[[ RECORD SET, beginning ]]

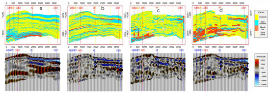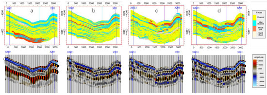 Furthermore, the cross-validation method was used to test and compare the methods. The cross section of well X853 was used to compare the prediction accuracies of the different methods. Both the MPI and LPUMI can reflect the characteristics of the upward transition of the mouth bar sand body, which is consistent with the migration trend of the lithofacies in the training image. However, the TPI can hardly reflect this characteristic. Compared with the actual seismic record, the synthetic seismic records of the MPI and LPUMI are closer to the actual seismic profile (Figure 17).
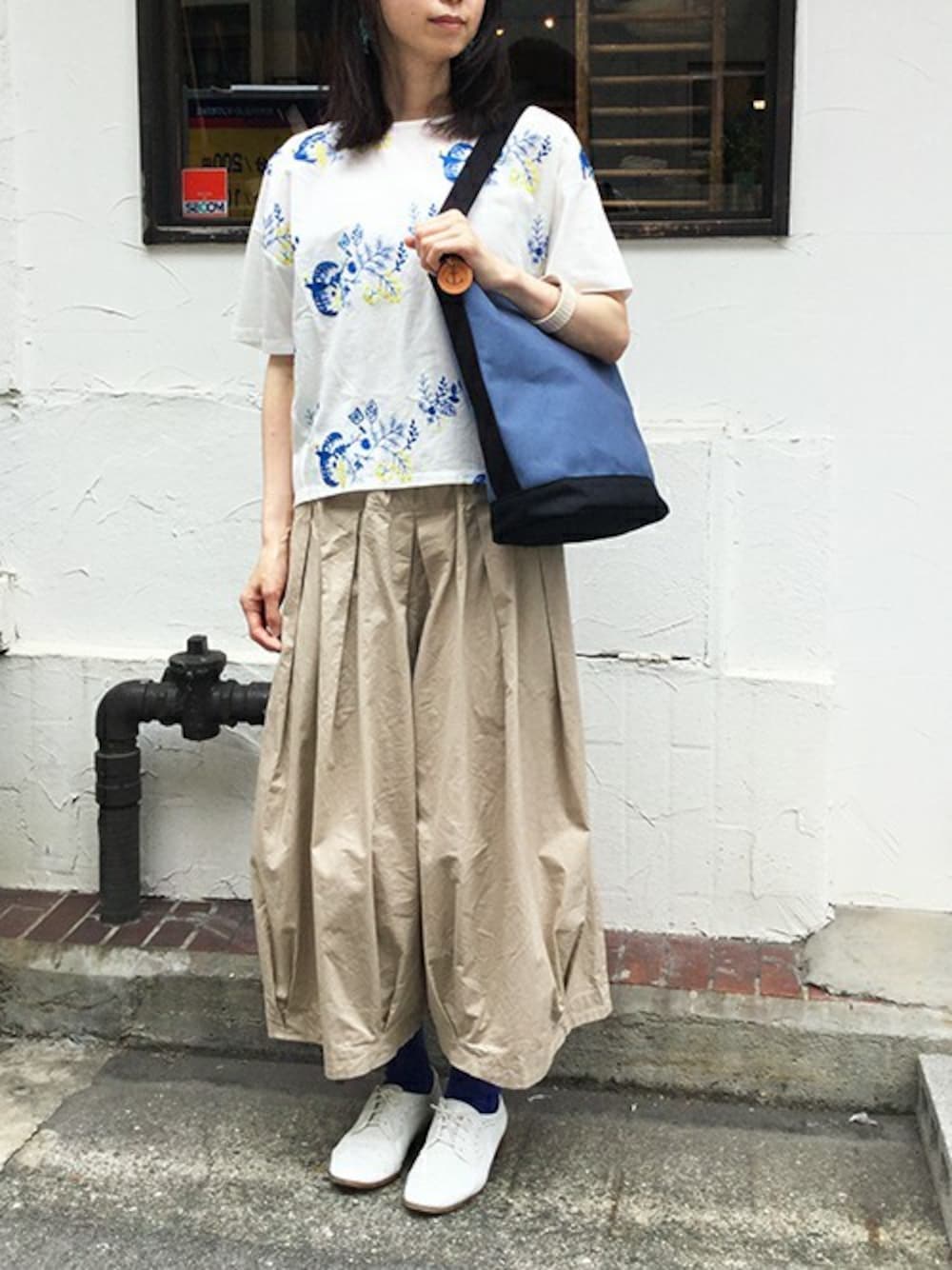 ブラウスに刺繍されている青い鳥とバッグの色を合わせて夏らしい爽やかなコーデにしてみました。 見た目にも涼しいブルーのバッグは、暑い夏にたくさん使いたい。 軽い帆布なのでお出かけにも通勤通学にも使いやすいです!
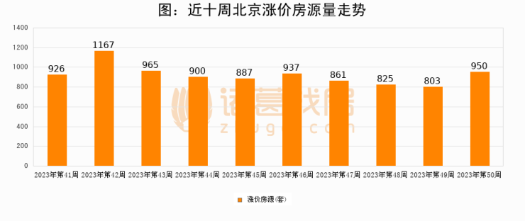 从调价房源来看,第50周北京涨价房源950套,较上周上涨18.3%。与此同时,50周涨价房源占比回落0.13个百分点,业主信心小幅波动,购房者可则需入市。
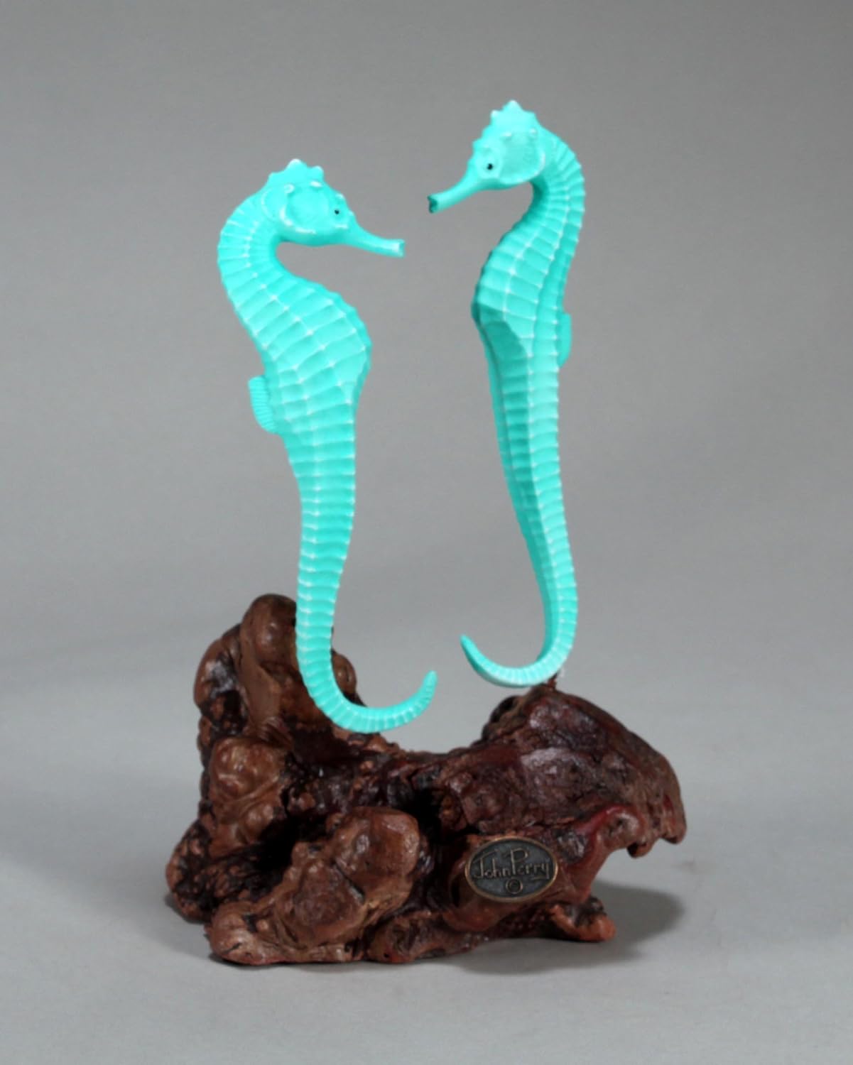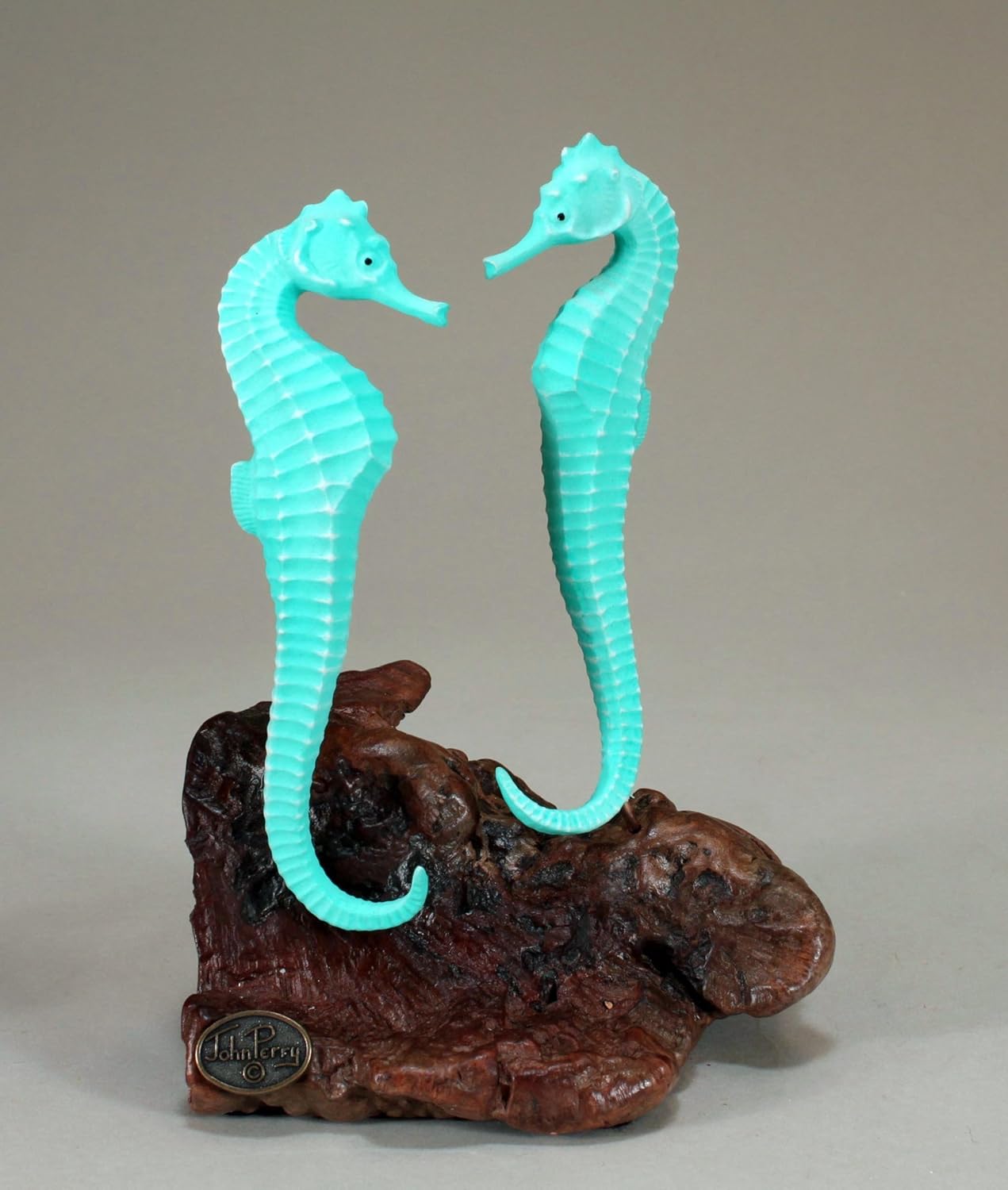 Few fish are as charming and fascinating as the Seahorse. This pair, courting maybe, are molded from Pellucida, our proprietary resin compound that resembles Bisque porcelain, but is more durable. They are then airbrushed. The seahorses are about 6 inches long. Including the polished burlwood base, the whole piece is about 7 inches tall. PLEASE NOTE: these photos are of illustrative samples. Each burl is a unique piece of nature's art, so the one you will receive will be different but of similar size and comparable beauty. It is SIGNED and comes with a CERTIFICATE OF AUTHENTICITY.
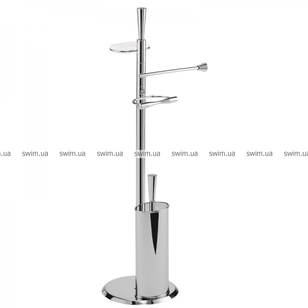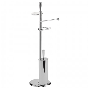 Стойка туалетная Colombo Design Isole B9413 комплектуется вешалкой для полотенец, бумагодержателем, ершиком для унитаза и мыльницей. Она изготовлена из высококачественного металла, который не боится влаги и не ржавеет. Ершик представляет собой съемную щетку с синтетическим ворсом и гладкую металлическую ручку с крышкой. Колба ершика имеет съемную внутреннею пластиковую емкость. Стеклянная емкость мыльницы надежно крепится в держателе. Сборка проста и не потребует специальных навыков. Размеры стойки невелики и ее можно будет удобно разместить в любой ванной комнате.
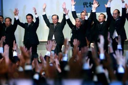 9月23日,在日本東京,日本前內(nèi)閣官房長官福田康夫(左三)與自民黨干事長麻生太郎(左二)等官員參加慶祝福田康夫當(dāng)選自民黨總裁的活動。福田康夫在當(dāng)天舉行的自民黨總裁選舉中以絕對優(yōu)勢擊敗競選對手麻生太郎,當(dāng)選自民黨第22任總裁。
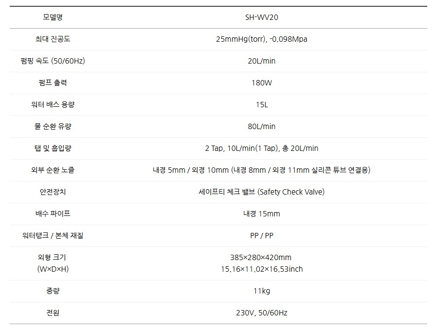 산, 알카리, 유기용매 등 부식성 물질에 강한 워터젯 진공 펌프 SH-WV20은 내식성 재질로 제작되어 실험실 및 화학 공정에 적합합니다.
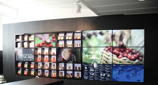 總部位于法國(guó)巴黎附近的Defocus電影為雀巢瑞士韋威的總部辦公室設(shè)計(jì)了一個(gè)非常漂亮的雀巢咖啡吧液晶拼接。
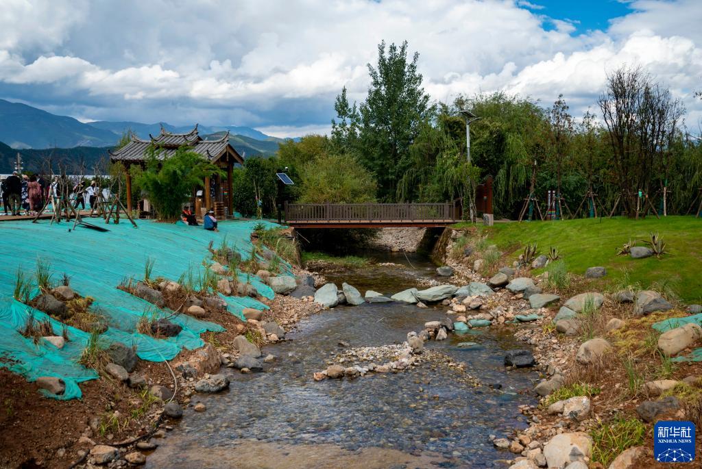 瀘沽湖畔三家村一處經過治理的入湖河道(9月25日攝)。 瀘沽湖位于川滇交界處,是川滇兩省共有的跨省湖泊,湖水水質穩定保持在國家Ⅰ類水標準。近年來,為保護好瀘沽湖生態環境,云南省麗江市寧蒗彝族自治縣大力實施80米生態紅線內民居客棧退出拆遷、湖濱生態帶建設、入湖河道治理等舉措,推動保護治理向好發展。 新華社記者 陳欣波 攝
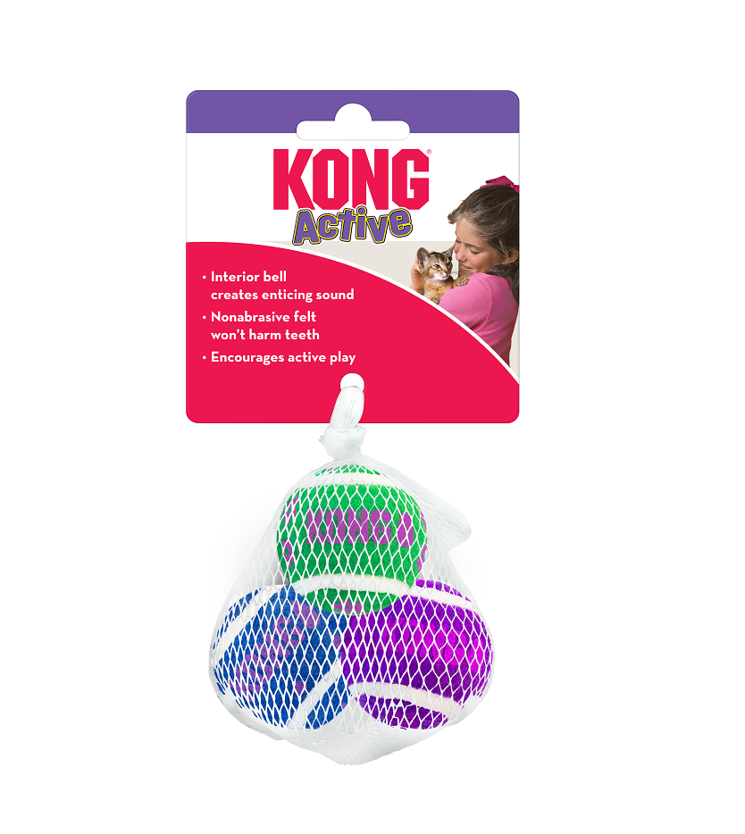 כדורי הטניס של KONG Cat מתהדרים לבד לא שוחק ולא יפגעו בשיניים במהלך המשחק. חתולים לא יוכלו להתנגד לפעמון פנימי, מה שמעודד פעילות גופנית אצל חתולים מקורה.
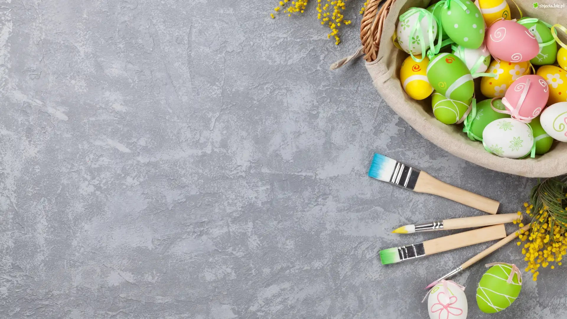 Zdjęcie Wielkanoc, Koszyk, Kolorowe, Pisanki, Pędzle, Żółte, Kwiatki, Szare, Tło
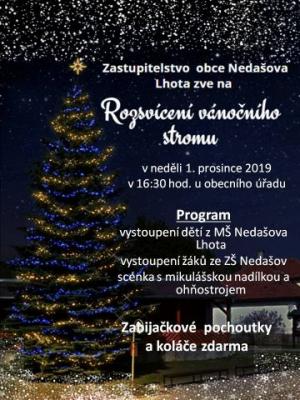 Zastupitelstvo obce Nedašova Lhota zve na rozsvícení vánočního stromu, které se uskuteční v neděli 1. prosince 2019 v 16:30 hodin u obecního úřadu. V programu vystoupí děti z Mateřské školy Nedašova Lhota a žáci ze základní školy Nedašov. Součástí programu bude i divadelní scénka, kterou předvedou dobrovolníci z Lipiny. V závěru nebude chybět ani ohňostroj a mikulášská nadílka pro děti. Zabijačkové pochoutky a koláče zdarma.

[[ RECORD SET, end ]]

> _TASK_: Type out the entries again without a single change, and leave the pictures out.

> _SOLUTION BELOW_:
 Furthermore, the cross-validation method was used to test and compare the methods. The cross section of well X853 was used to compare the prediction accuracies of the different methods. Both the MPI and LPUMI can reflect the characteristics of the upward transition of the mouth bar sand body, which is consistent with the migration trend of the lithofacies in the training image. However, the TPI can hardly reflect this characteristic. Compared with the actual seismic record, the synthetic seismic records of the MPI and LPUMI are closer to the actual seismic profile (Figure 17).
 ブラウスに刺繍されている青い鳥とバッグの色を合わせて夏らしい爽やかなコーデにしてみました。 見た目にも涼しいブルーのバッグは、暑い夏にたくさん使いたい。 軽い帆布なのでお出かけにも通勤通学にも使いやすいです!
 从调价房源来看,第50周北京涨价房源950套,较上周上涨18.3%。与此同时,50周涨价房源占比回落0.13个百分点,业主信心小幅波动,购房者可则需入市。
 Few fish are as charming and fascinating as the Seahorse. This pair, courting maybe, are molded from Pellucida, our proprietary resin compound that resembles Bisque porcelain, but is more durable. They are then airbrushed. The seahorses are about 6 inches long. Including the polished burlwood base, the whole piece is about 7 inches tall. PLEASE NOTE: these photos are of illustrative samples. Each burl is a unique piece of nature's art, so the one you will receive will be different but of similar size and comparable beauty. It is SIGNED and comes with a CERTIFICATE OF AUTHENTICITY.
 Стойка туалетная Colombo Design Isole B9413 комплектуется вешалкой для полотенец, бумагодержателем, ершиком для унитаза и мыльницей. Она изготовлена из высококачественного металла, который не боится влаги и не ржавеет. Ершик представляет собой съемную щетку с синтетическим ворсом и гладкую металлическую ручку с крышкой. Колба ершика имеет съемную внутреннею пластиковую емкость. Стеклянная емкость мыльницы надежно крепится в держателе. Сборка проста и не потребует специальных навыков. Размеры стойки невелики и ее можно будет удобно разместить в любой ванной комнате.
 9月23日,在日本東京,日本前內(nèi)閣官房長官福田康夫(左三)與自民黨干事長麻生太郎(左二)等官員參加慶祝福田康夫當(dāng)選自民黨總裁的活動。福田康夫在當(dāng)天舉行的自民黨總裁選舉中以絕對優(yōu)勢擊敗競選對手麻生太郎,當(dāng)選自民黨第22任總裁。
 산, 알카리, 유기용매 등 부식성 물질에 강한 워터젯 진공 펌프 SH-WV20은 내식성 재질로 제작되어 실험실 및 화학 공정에 적합합니다.
 總部位于法國(guó)巴黎附近的Defocus電影為雀巢瑞士韋威的總部辦公室設(shè)計(jì)了一個(gè)非常漂亮的雀巢咖啡吧液晶拼接。
 瀘沽湖畔三家村一處經過治理的入湖河道(9月25日攝)。 瀘沽湖位于川滇交界處,是川滇兩省共有的跨省湖泊,湖水水質穩定保持在國家Ⅰ類水標準。近年來,為保護好瀘沽湖生態環境,云南省麗江市寧蒗彝族自治縣大力實施80米生態紅線內民居客棧退出拆遷、湖濱生態帶建設、入湖河道治理等舉措,推動保護治理向好發展。 新華社記者 陳欣波 攝
 כדורי הטניס של KONG Cat מתהדרים לבד לא שוחק ולא יפגעו בשיניים במהלך המשחק. חתולים לא יוכלו להתנגד לפעמון פנימי, מה שמעודד פעילות גופנית אצל חתולים מקורה.
 Zdjęcie Wielkanoc, Koszyk, Kolorowe, Pisanki, Pędzle, Żółte, Kwiatki, Szare, Tło
 Zastupitelstvo obce Nedašova Lhota zve na rozsvícení vánočního stromu, které se uskuteční v neděli 1. prosince 2019 v 16:30 hodin u obecního úřadu. V programu vystoupí děti z Mateřské školy Nedašova Lhota a žáci ze základní školy Nedašov. Součástí programu bude i divadelní scénka, kterou předvedou dobrovolníci z Lipiny. V závěru nebude chybět ani ohňostroj a mikulášská nadílka pro děti. Zabijačkové pochoutky a koláče zdarma.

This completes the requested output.